くっ、あの二人、今さっき初めて出会ったばかりのくせに息の合ったコンビネーションを発揮してるじゃない……。
「ぐぬぬ……」
あたしは思わず歯噛みする、これはまずいかもしれないわねぇ……。
こうなったら……!!
「スーパーアリリンコ! あたしの魔力を思いっきり注ぎ込んであげるわ!! さあ、やっちゃって!」
あたしはダークスティックを取り出すと、オドモンスターを生成するときの要領でスーパーアリリンコに魔力を送り込む。
「ちっ、しまったオプファーの存在を忘れてた……!」
「モンスターから放たれる魔力が、信じられないくらい強くなった……? オプファー、あなた自分の魔力のほとんどをこのモンスターに注ぎ込んでるわね!?」
「ふ、ふふ、その通りよ……」
焦ったように声を上げる二人の魔法少女にあたしは息も絶え絶えに答える。
流石に、これはしんどいわね……。でも、これでいいのよ!
「このスーパーアリリンコのパワーは、あなたたち二人がかりで倒せるほど甘くはないわっ!」
あたしは両手を広げて叫ぶが、カレッジが口元に笑みを浮かべて言い返してくる。
「それはどうかしらね? アタシとブリスの力があの程度だと思わないでよ? それに、あんたがモンスターに全魔力を注いだという事は、モンスターさえ倒せば、もうあんたには戦う力はないって事よね?」
「くっ……」
カレッジの言葉にあたしは思わず言葉を詰まらせる。確かに彼女の言う通りなのだ、もしスーパーアリリンコがやられてしまったら、もうあたしに戦う力は残っていないだろう。
「さあ行くよブリス! アタシの勇気とあなたの幸せパワーが合わされば、あんな奴に負けるはずがないんだから!」
「うんっ! 分かったよカレッジ!」
そんなやり取りの後二人はスーパーアリリンコに向かって駆け出す。そしてブリスとカレッジは先ほどよりさらに洗練されたコンビネーションでスーパーアリリンコを翻弄する。
「くっ、なんて奴らなの……」
あたしは歯噛みしつつ二人の動きを観察するが……。
「ブリス!」
カレッジはそう叫ぶとブリスのフォローに回るかのように彼女の前に躍り出る! そしてそのままブリスが攻撃しやすいように立ち回りつつ、自らも魔法攻撃を繰り出した! その隙を突き、今度はブリスが光弾を放ちダメージを与えていく。そんな戦いぶりを見せられてあたしは思わず感嘆の声を漏らしたのだった。
(認めざるを得ないわね……。あたしドキドキしてる……大好きだった魔法少女アニメさながらの光景に、あたしは今興奮している……)
悪の組織の女幹部暗黒魔女マギーオプファーとしてはあってはならない感情なのかもしれないけど、でもあたしはこの興奮を抑えることができなかった。
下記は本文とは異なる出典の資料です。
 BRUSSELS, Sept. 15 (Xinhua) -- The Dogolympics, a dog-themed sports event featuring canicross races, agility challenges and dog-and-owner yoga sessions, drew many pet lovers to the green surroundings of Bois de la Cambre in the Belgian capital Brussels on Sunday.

だって仕方ないじゃない! 好きだったんだもん、大好きだったんだもん! こんなの見せられたら、もう我慢できないよ!
しかし、思わず俯いてしまったあたしの目に自分の纏うコスチュームが目に入ってしまい現実に引き戻される、と同時にあたしの中からまた黒い黒い感情が湧き上がってくるのを感じた。
あたしは……こんなどうしようもない格好をさせられて、やりたくもなかった悪事をやらされて、大好きな魔法少女アニメを汚すような真似をさせられてるのに……なんで、なんであの子たちはあんなに楽しそうに戦ってるの!? あたしだって、本当は……魔法少女になりたかった! 悪の組織なんかじゃなくて正義の味方がよかった!
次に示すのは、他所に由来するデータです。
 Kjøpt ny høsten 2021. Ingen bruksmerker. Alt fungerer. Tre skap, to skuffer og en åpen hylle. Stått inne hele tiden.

現実はいつだって残酷だ! だから、あいつらにもその苦しみを味わわせてやる! あたしの怒りが、魔力となりスーパーアリリンコに注ぎ込まれていく。
「ウ、ウソでしょ……なんでさらにパワーアップ出来るわけ……」
つうっと一筋の汗を流しつつカレッジが呻くように呟く。
「オプファー……なんでそこまで……? どうしてあなたはそこまでわたしたちを倒したいの? なんであなたは悪の組織にいて、悪事になんて加担しているの……?」
ブリスが悲し気な表情で言う。しかしその問いかけはあたしの中の黒い感情を刺激するだけだった。
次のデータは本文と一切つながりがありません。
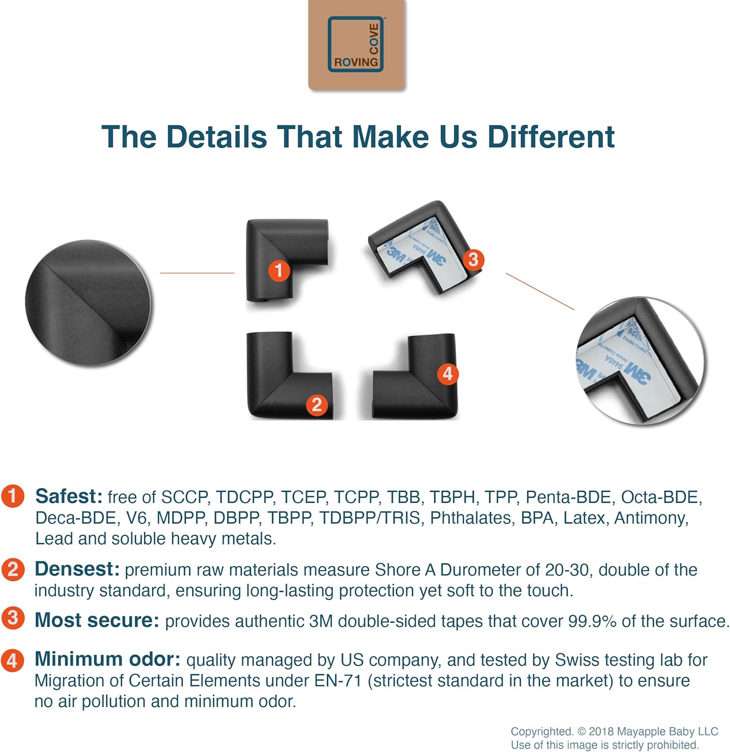 - DESIGNED IN USA: Includes 16 large premium, pre-taped, baby proofing corner guards. All text and photos/images in this product listing are copyrighted materials. Copyright: 2012 Mayapple Baby LLC, Brooklyn NY, USA.
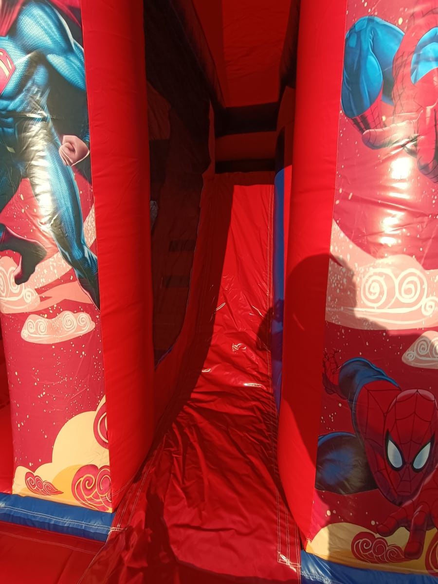 With images of some of the most beloved Marvel characters, including Spiderman, the Incredible Hulk, Superman, and Iron Man, this bounce and slide bouncy castle is sure to be a hit at any event. With a built-in inflatable slide, plenty of space to bounce around in, and beautiful images of some of the most famous crimefighters of the big screen, you'll be leaping with the web-slinger, celebrating with the Man of Steel, bouncing with Bruce Banner and flying high with Tony Stark when you rent this bouncy castle with us.
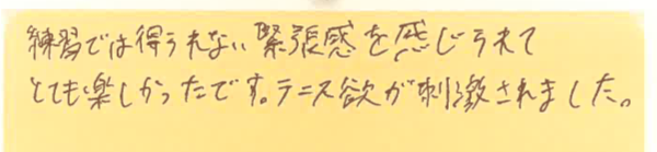 また、皆さんとコートでお会いできる日を楽しみにしております!!

「うるっさい! あたしはこのつまらない世界が大嫌いなのよ! どいうもこいつも人の邪魔をするばかりで誰も助けてなんてくれやしない! だからあたしはあたしたちみたいなはみ出し者が自由に、何の気兼ねもなく暮らせる『幸せの国』を作り上げるというアントリューズの――マリス様の崇高な計画に協力することにしたのよ! あんたたち魔法少女はあたしの幸せを邪魔する敵なのよ、だからあたしは戦うの!」
「ハッ、要するにただ世の中をひねてるだけってことね」
吐き捨てるようにカレッジが言う。その言葉に、あたしは思わずカチンときてしまった。
「違う! あたしがひねてるんじゃない、世界が歪んでるんだ!!」
しかし、そんなあたしの叫びに対して、カレッジは心底呆れ果てたような表情を見せると肩をすくめる。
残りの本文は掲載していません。